Soziale Wunder

Neulich abends nach dem Tanzen saßen wir in einem Straßencafe. Ein älterer Mann mit einem einzelnen schmutzigen Wollhandschuh sprach die Kellnerin, die unsere Bestellung aufnehmen wollte, in gebrochenem Deutsch an. Es stellte sich heraus, dass er auf einem Mülleimer gegenüber ein paar belegte Brote gefunden hatte und sie gerne mitnehmen wollte, was er dann auch tat.

Wir gerieten darüber in ein Gespräch über unseren Umgang mit Bettlern in der Stadt. Die einen geben manchmal Geld, andere nie und eine Person in der Gruppe meistens. Wir alle waren am Zweifeln, wie arm manche dieser Leute tatsächlich sind, die da mit Leidensmiene knien und ihren Pappbecher in die Luft halten oder mit gesenktem Haupt auf einer schmutzigen Decke sitzen. Jeder schien mit dem Verdacht zu ringen, das könnte nur Theater sein. Einige kannten auch Beispiele dafür.

Schließlich meinte jemand, das seien doch die Leute, zu denen Jesus gehen würde.

Technorati Tags: , ,



Und es stimmt natürlich: Jesus ist an Bettlern nicht achtlos vorbei gegangen. Nur gab er ihnen offenbar Geld, sondern er heilte sie – genauso machten es die Apostel. Das lag schlicht daran, dass praktisch nur der betteln musste, der durch Krankheit oder Behinderung seinen Lebensunterhalt nicht selbst verdienen konnte. Diese Leute hat Jesus wieder auf eigene Füße gestellt – buchstäblich wie im übertragenen Sinn. Sie waren also “weg von der Straße”, als Jesus ging.

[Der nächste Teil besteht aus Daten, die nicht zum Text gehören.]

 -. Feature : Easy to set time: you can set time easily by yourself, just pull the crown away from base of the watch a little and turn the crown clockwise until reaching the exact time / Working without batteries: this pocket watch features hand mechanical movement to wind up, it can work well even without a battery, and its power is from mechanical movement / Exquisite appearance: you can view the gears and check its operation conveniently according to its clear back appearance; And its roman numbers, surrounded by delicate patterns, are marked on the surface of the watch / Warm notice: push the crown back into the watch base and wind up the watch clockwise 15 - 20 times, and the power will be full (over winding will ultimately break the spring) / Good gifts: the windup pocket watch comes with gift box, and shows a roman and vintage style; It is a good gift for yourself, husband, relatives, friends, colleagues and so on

Zugleich waren seine Wunder Zeichen dafür, dass das Reich Gottes – und damit die Wiederherstellung des Volkes Gottes und der ganzen Schöpfung – schon begonnen hatte. Sie hatten also nicht nur eine Bedeutung für die “Betroffenen”, sondern für jedermann. Die Geheilten waren sozial und religiös wieder voll integriert. Das ist der Teil der Story, den wir mit unserer modernen, individualistischen Brille so oft übersehen.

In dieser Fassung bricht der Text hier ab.